[CoLoCo] Dual-boot and wine options

Jim Hutchinson jim at ubuntu-rocks.org
Thu Jun 19 01:00:55 BST 2008


On Wed, Jun 18, 2008 at 11:16 AM, Jeffrey LePage <jeffrey_lepage at yahoo.com>
wrote:

> I'm trying to help a local school get some Linux machines (for admin and
> staff use).  They had decided to go with Dell and get some desktops with
> Ubuntu pre-installed.  They were offering pretty decent machines for cheap.
> Then Dell informed us that they couldn't give us the advertised special
> because we're a school.  Go figure.  Instead they would sell us the same
> machine for MORE money.  Also, the only OS option is Vista Business.


I just replied to the other thread and then saw this. Oops. Yes, the school
purchase thing is annoying. The state has contracts with vendors and often
they are not as good as what you can get alone. I think that's bull and
someone in the state house really needs to look into this. In your case,
however, aren't these for a charter school iirc? If so, maybe you could get
around it by just not being specific and if it's a private school (or you
claim it is) I don't think the state contracts apply but I'm not sure.

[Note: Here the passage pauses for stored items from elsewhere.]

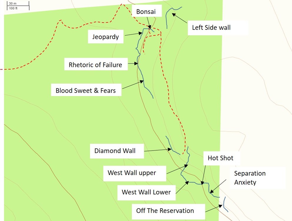 Thanks for any beta on this. Hello Nick, Hard to quantify; When does a route with bolts become sport? When does a boulder problem become a solo? When does a top rope problem become trad? anyway... 31 sport, 182 trad lines, 36 boulder problems and 29 top rope problems. You can decide where the categories overlap or intersect.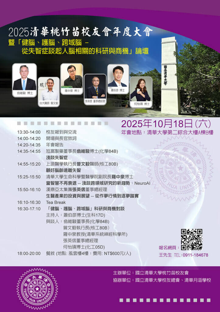 還記得曾文毅醫師在各大講座總是座無虛席的盛況嗎?這一次,他將回到母校清華大學,與專業人士同台分享對大腦健康的深刻洞見,並帶領大家理解如何透過科研與創新應對失智症挑戰。
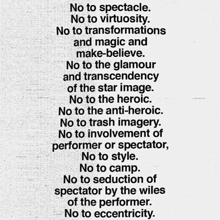 Une fois cette réflexion inaugurée, les danseurs-chorégraphes du Judson ne cessent de s’interroger sur la nature de leur démarche artistique. Le corps devient purement fonctionnel et impersonnel et la danse est débarrassée de toute justification, affirmant son autonomie. Yvonne Rainer se met alors en quête du « mouvement pur » qui selon elle est « un mouvement qui ne renvoie à rien d’autre » (Anne Livet, Contemporary Dance, 1978). Pour Trio A (1966), elle intervient sur une scène au décor tout à fait dépouillé, effectuant une série de gestes simples sans transition ni fil conducteur. Le même mouvement est répété à cinq reprises, avant qu’un nouveau ne soit introduit dans la suite. Cette réflexion peut faire écho aux évolutions colorées de Brice Marden et notamment au Mur chez Yvon Lambert (1973), au sens où la chorégraphie, tout comme la peinture, n’est que déclinaison d’un même motif sur le même rythme. Avec cette composition, Rainer met en évidence l’aspect conceptuel de la danse, conçue comme un art élémentaire dénué de temps forts.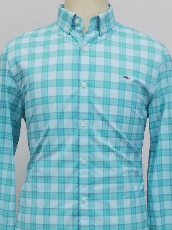 Camisa de botones Vineyard Vines 🐳 color celeste de cuadros en color turquesa y rosado Talla M Entalle Slim Fit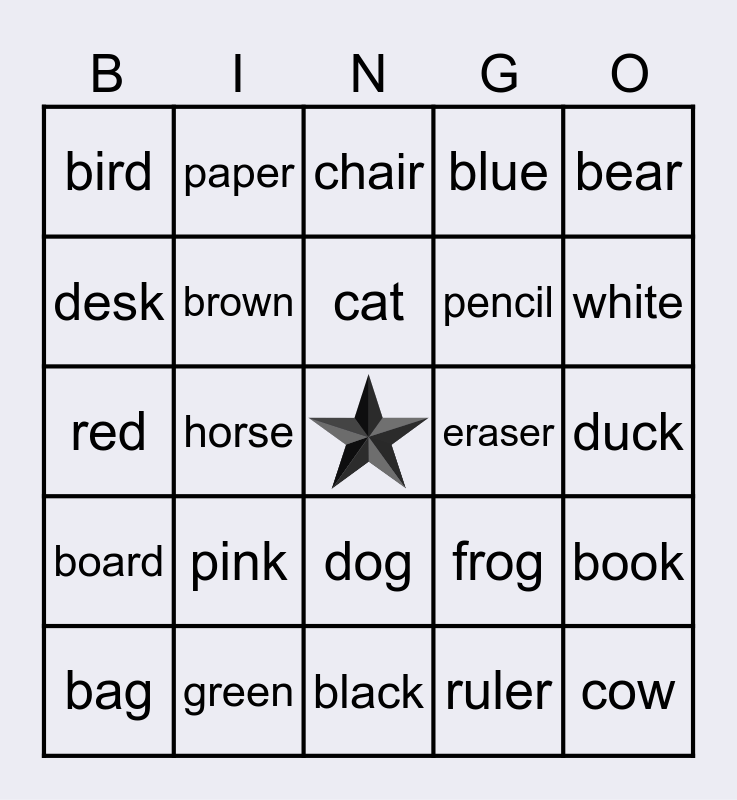 This bingo card has a free space and 28 words: book, pen, pencil, ruler, desk, chair, paper, board, eraser, bag, red, blue, green, black, white, yellow, pink, brown, cat, dog, bird, fish, cow, horse, duck, frog, bear and lion.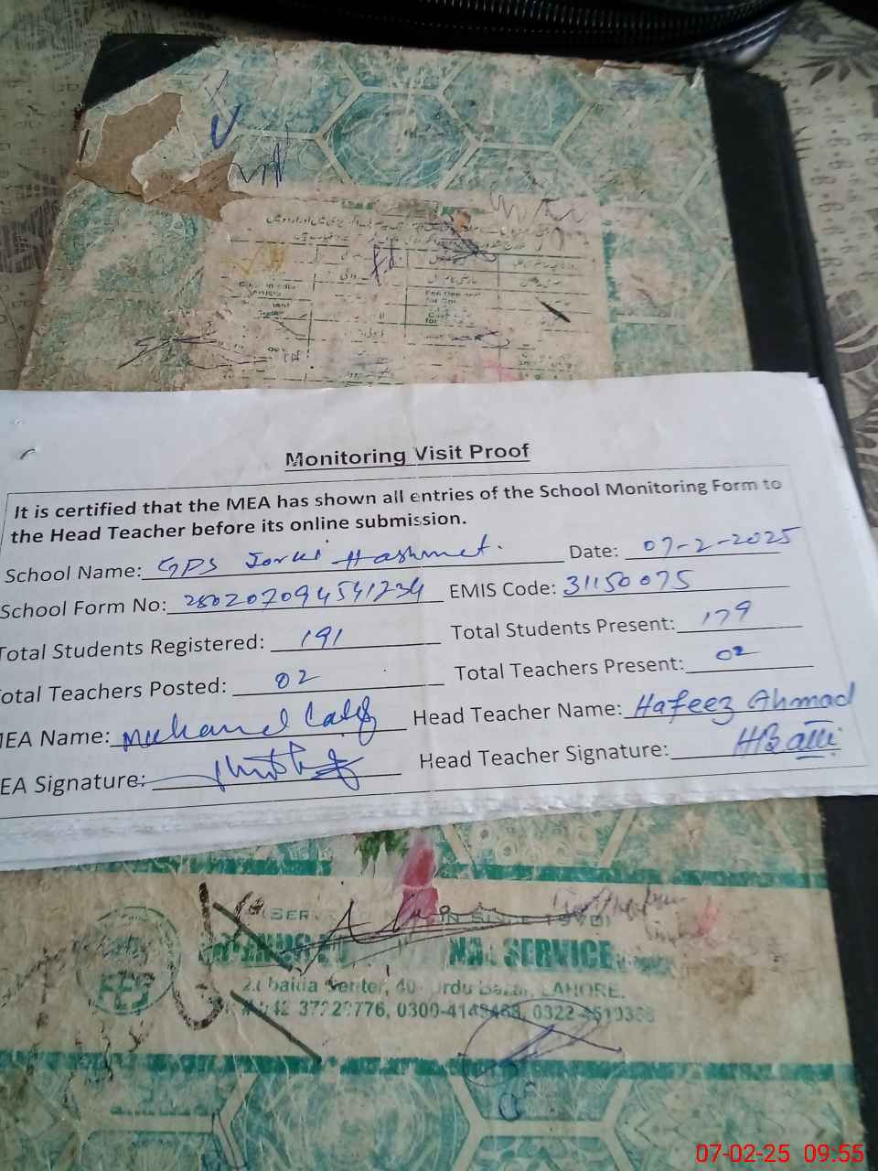 | EMIS Code: 31150075 | Name of School: GPS JORKI HASHMAT | |||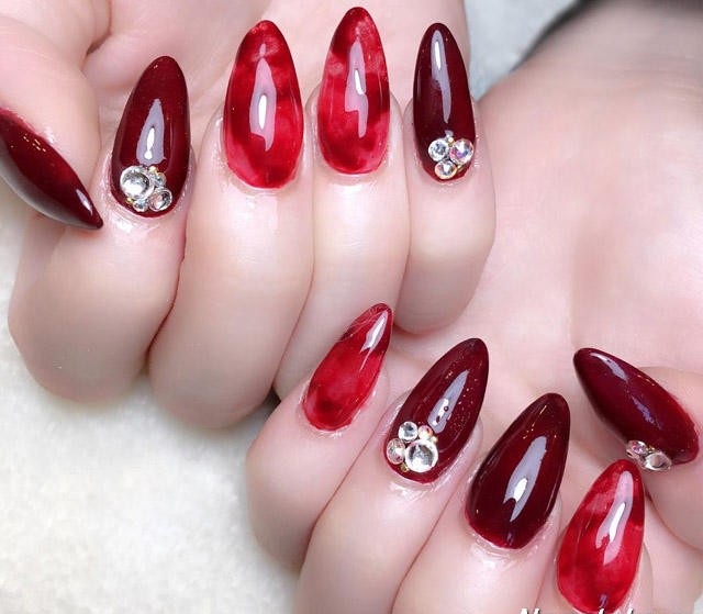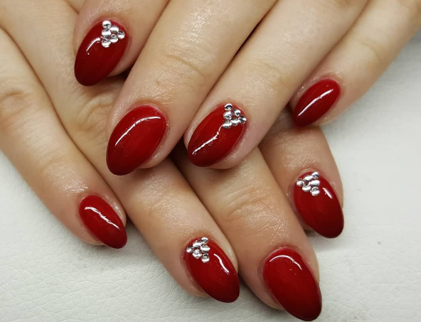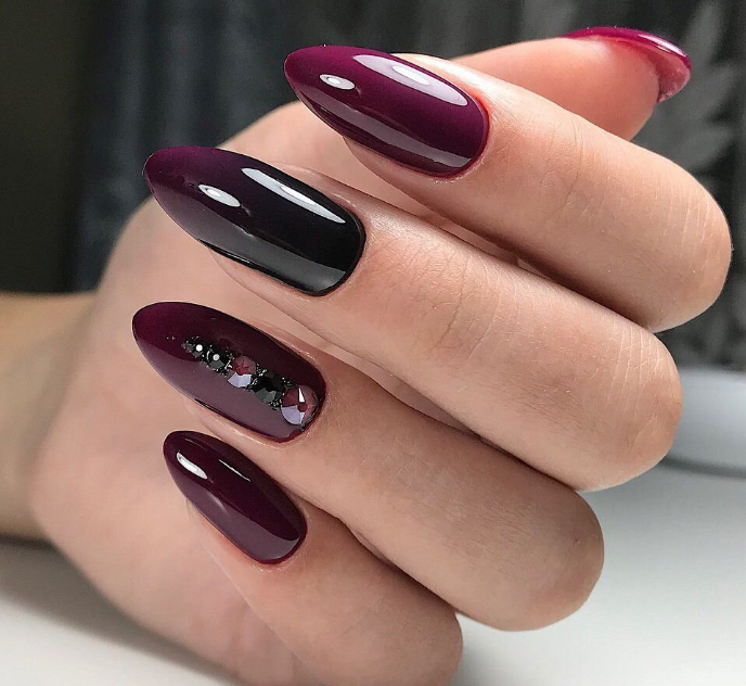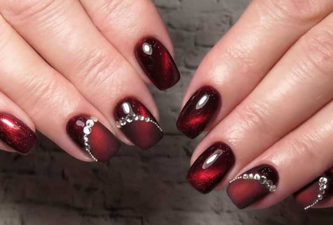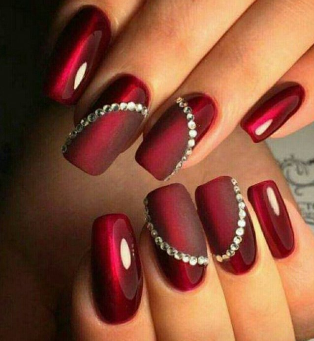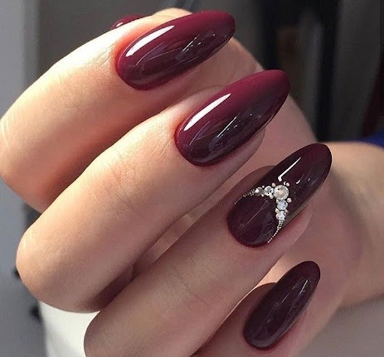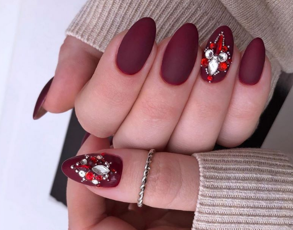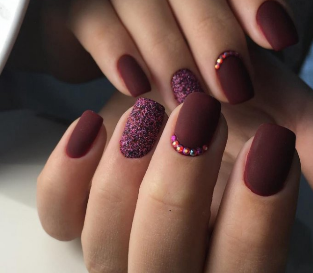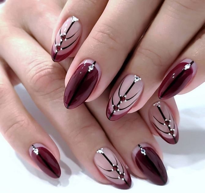 Стразы на бордовой базе — классика маникюра. Идей дизайна с камнями огромное количество: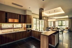 Thùng MFC chống ẩm, cửa, mặt hộc kéo, gỗ oak, MDF veneer teak recon, bản lề, đế bản lề, nêm giảm chấn Blum, kính trắng tủ treo, tay nắm, ray thường Hafele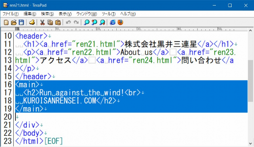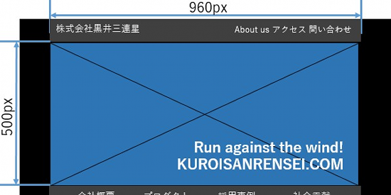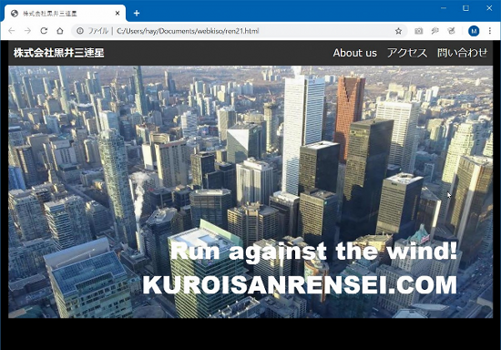 それからもう一つ。上のサンプルの最後のところ。<a>タグのスタイル設定がありました。コメント部分(/*~*/)を除いて改行しないで書くと「header a { color: white; }」と「header a:hover { color: red; }」となっています。このセレクタの書き方、覚えてますか?設定対象を半角スペース区切りで指定すると、入れ子になったタグの外側のタグの中にある内側のタグ、という指定ができるわけです(文字で書くとややこしいですが)。 つまり「header a { ~ }」は「<header>タグの中にある<a>タグのスタイルを設定せよ」という意味。「header a:hover { ~ }」は「<header>タグの中にある<a>タグでマウスオーバーした時のスタイルを設定せよ」という意味です。設定内容はコメントの通りで、何もなければリンクは白色の文字。マウスオーバーで文字が赤色になります。セレクタの書き方は、「CSS編・基本の書き方」で思い出しましょう。 というわけで、テキストエディタで保存して、ブラウザを更新してみて下さい。うまくいけば以下のようになるはず。リンクにマウスオーバーして、文字が赤色に変化したらパーフェクトです。 ![]() 横並びができましたね。横並びになった様子を図解しておくと、以下のようにボックスが動いた結果です。 ![]() かなり実践的になって難しい感じがするかもしれませんが、パターンを覚えるだけですので大丈夫。同じパターンは、次のページでナビゲーション(メニュー)の作り方を確認するときに出てきます。 メインビジュアルファーストビューで最重要な要素がもう一つ。「メインビジュアル」です。通常、印象的な画像を背景にドーンと設定して、キャッチなコピーを示して、ということが多いですよね。ウェブサイトの第一印象を左右する部分です。というわけで作っていきましょう。まずは「ren21.html」を次のように編集します。反転表示部分が追加したところです。下にテキストも貼っておきますが、追加する場所を間違えないよう注意して下さい。 ![]() ren21.html(追加分のみ) 説明します。まず<main>タグ。これはこのページの前の前の「デザイン編・デザインのタグ」で出てきました。<main>タグは「主要なコンテンツ」というような意味のタグ。メインビジュアルの「メイン」とは関係ありませんので誤解なきよう。HTML文書を整理するタグ、という意味では<section>タグでもいいと思いますし、<div>タグにIDを設定して「<div id="mainvisual">」としてももちろんいいでしょう。ここで<main>タグを使っているのはその程度の理由です。 そしてその中に中見出しの<h2>タグで「Run against the wind!(改行)KUROISANRENSEI.COM」という文字列が指定されています。検索キーワードとして「株式会社黒井三連星」という社名ほど重要じゃないけど、次に重要なワード、という意味で<h2>タグを使っています。「Run against the wind!」(風に向かって走れ)は、この会社のキャッチコピーのイメージです。 この時点で、保存してブラウザで表示を確かめましょう。次のようになるはずです。 ![]() メインビジュアルとしてはもちろんこれではダメです。背景画像を設定して、サイズを整え、文字の表示も調整しましょう。そこでまずは、背景画像を準備します。次の画像をマウスの右ボタンでクリックして表示されるメニューから名前を付けて保存。ファイル名はそのまま「main01.jpg」とします。そして「webkisoフォルダの中のgazoフォルダ」にこの画像ファイルを格納して下さい。

Another option would be to just buy the windows boxes and then refuse the
EULA and hassle Dell for the refund. It may take a while but it sends a good
message.


>
> I'm talking to HP and others now.  They're willing to _try_ to match Dell's
> original price, but they also insist on installing Windows.  They want to
> install WinXP Pro.   The school thought about going with a white-box
> assembler and getting no-OS machines, but they decided they wanted a big
> well-known vendor.


The only reason to buy from a big vendor is support. However, they charge a
lot for what you get. If you buy 10 computers you might have trouble with
one or two so you wasted 80% of your money. I think one of the reasons to go
Linux is to also go local for support. Take the money you would have spent
on support for the dells, bank it and use it if need to pay someone local
(maybe yourself) to fix it. The parts in a white box should all have
individual warranties so you would just RMA it and replace or if out of
warranty buy a new one. Most major things have at least 3 years or more
though (mobo, graphics, CPU, hard drives but not optical drives but they are
cheap).

Anyway, my two cents on that.


> So, what are my options?  Let's say I get some vendor to sell us machines
> with WinXP pre-installed.  Maybe I can use this to our advantage and offer
> some extra Windows support?
>
> How about re-sizing the pre-installed windows partition and making them
> dual-boot?


I would say avoid the dual boot if you want them to adopt Linux. They will
just fall back on win as a crutch. Of course if they won't go 100% Linux
then a little is better than none.


-- 
Jim (Ubuntu geek extraordinaire)
----
Please avoid sending me Word or PowerPoint attachments.